Halimatou « la dure » comme on la surnomme avec respect au tribunal de Dixinn, ne mâche pas ses mots lorsqu’il s’agit de critiquer les failles de la justice de son pays, persuadée qu’ « il y a un lien intime entre ce que qui s’est passé il y a 50 ans et ce qui se passe aujourd’hui ». « Dans ce pays, la vie humaine a été banalisée et le concept de présomption d’innocence n’existe presque pas. On jette facilement des gens en prison sur de simples soupçons, comme à l’époque de Sékou Touré où l’on pouvait se retrouver au camp Boiro sur simple dénonciation. »

Dans la famille d’Halimatou chacun porte une part de ce drame. Aujourd’hui encore, l’avocate n’ose pas aborder l’histoire de son grand-père avec sa grand-mère, qui perdit ses esprits en même temps que son mari en 1971 et ne retrouva la parole qu’en 1984 à la mort d’Ahmed Sékou Touré. La mère, Fatoumata Tounkara, syndicaliste et ancienne ministre elle-aussi sous Alpha Condé, n’a rien oublié de cet été 1971 qui lui arracha du jour au lendemain son père, sa maison, et sa réputation.

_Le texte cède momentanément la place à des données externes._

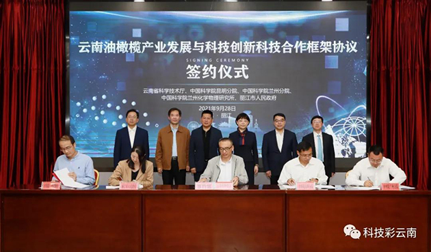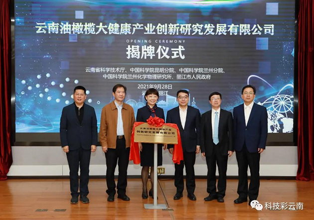 2021年9月28日,云南省科技厅、中科院昆明分院、中科院兰州分院、中科院兰州化学物理所、丽江市政府举行院地科技合作签约仪式,揭牌成立云南油橄榄大健康产业创新研究发展有限公司。院地五方将围绕打造油橄榄大健康全产业链,深化科技创新合作,努力将丽江打造成油橄榄大健康产业的技术和人才集聚高地。丽江市委书记浦虹,云南省科技厅党组书记、厅长王学勤出席活动并讲话。

Elle raconte à sa fille les longues années sans nouvelles, passées à se demander si son père reviendrait un jour, et ces journées d’école où elle se retrouva tout d’un coup « indexée » par ses camarades et par ses enseignants, traitée de « fille de traître, d’agent de la 5ème colonne », elle qui se voyait au contraire en digne enfant de la révolution, car elle avait été élevée ainsi. La supposée trahison de son père, l’ex-ministre refuse toujours d’y croire et dit avoir « compris » son histoire et celle de la Guinée en lisant Le zéro et l’infini, roman d’Arthur Koetsler, l’histoire de Roubachof, ancien apparatchik, figure de la révolution russe, finalement arrêté puis jeté en prison. Un homme confronté à la terreur d’un système répressif auquel il avait lui-même collaboré durant sa carrière politique. « J’ai compris que la révolution mange ses propres enfants. »

Faute de sépulture pour son père, Fatoumata Tounkara conserve dans un couloir de la maison familiale du quartier Ratoma de Conakry une pierre du pont du 8 novembre. Ce pont où, en janvier 1971, furent pendus 4 hauts cadres du pays31, en même temps que plusieurs dizaines d’autres dans différentes villes de Guinée, accusés de trahison eux aussi. Une date qui rappelle dans la famille d’Halimatou cette nuit d’octobre qui coûta la vie à Tibou Tounkara, à ceci près que cette fois-là, la mort fut donnée en public. Ce pont, qu’en dépit de tout son activisme, l’AVCB (Association des victimes du camp Boiro) n’a pas sauvé de la destruction en mars 2012. «Lorsque j’ai appris que les travaux commençaient, j’ai immédiatement couru vers mon chauffeur. Je lui ai dit : ‘‘ Allons-y ’’. Il fallait que j’en garde un bout, que cette mémoire-là ne s’efface pas totalement », raconte Fatoutama Tounkara. Depuis, l’AVCB conserve, entassées dans une cour, des tonnes de gravats dont elle espère encore faire un jour le socle d’un monument en mémoire des victimes. « Si les autorités continuent de s’y opposer, je finirai peut-être par installer ma propre stèle.»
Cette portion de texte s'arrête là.